In the past few months, Iran has deported hundreds of thousands of Afghans—The New York Times reports 1.4 million since January—sending them back across the 572-mile border the two countries share. This process began well before the Israeli bombing campaign. Back in March, Iranian authorities warned Afghans that many of their temporary residence papers would soon cease to be valid. But the war seems to have accelerated the campaign. Iran deported more than 100,000 Afghans within a few days last month. In June alone, at least 5,000 children were separated from their parents. The security forces have haphazardly picked up thousands of Afghans and even people suspected of being Afghans. Some are legal residents who were deported before they could produce their papers. In some cases, authorities have torn up residency papers. Every day, thousands are boarded onto buses bound for Afghanistan. Both the Taliban administration and the United Nations migration officials there have complained about the sheer number of migrants appearing at the border.
[Arash Azizi: Iran’s stunning incompetence]

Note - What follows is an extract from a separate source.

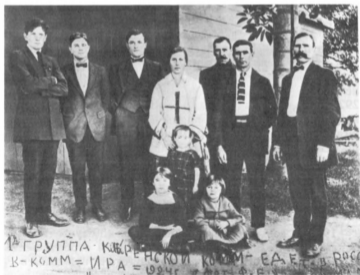
Из далекой Австралии возвращаются на родную землю эти люди, чтобы внести свой вклад в создание новой, социалистической России.

Deportation camps near Tehran are now filled with thousands of Afghans. Shargh, a Tehran daily, has published many harrowing reports on the deportation effort. With no time to change out of their slippers or work clothes, some Afghans scramble to get their relatives to bring them their papers before they are expelled from the country. An elderly woman told reporters that her husband, who is deaf, had lost his documents at one of the camps and is now being deported. Another woman lamented that her family had lived in Iran for 58 years and were now forced to leave the only country they knew. According to the latest instructions, only Afghans in certain migrant categories are allowed to stay. Temporary documents that once allowed others access to certain services are now void. Many Afghans have been deported before being able to collect the considerable security deposits held by their landlords (Iran’s inflation is such that renters typically put down a large lump sum as a deposit in lieu of paying a monthly rent).
Iran is justifying the mass deportations with the spurious claim that Afghans assisted Israeli operations in Iran. The authorities have paraded Afghan migrants on state television, airing their undoubtedly coerced confessions of guilt. In one clip, an Afghan migrant is shown confessing to the head of the judiciary that he filmed Iran’s air-defense systems, presumably for Israel. The authorities claim that these Afghans were paid via cryptocurrencies.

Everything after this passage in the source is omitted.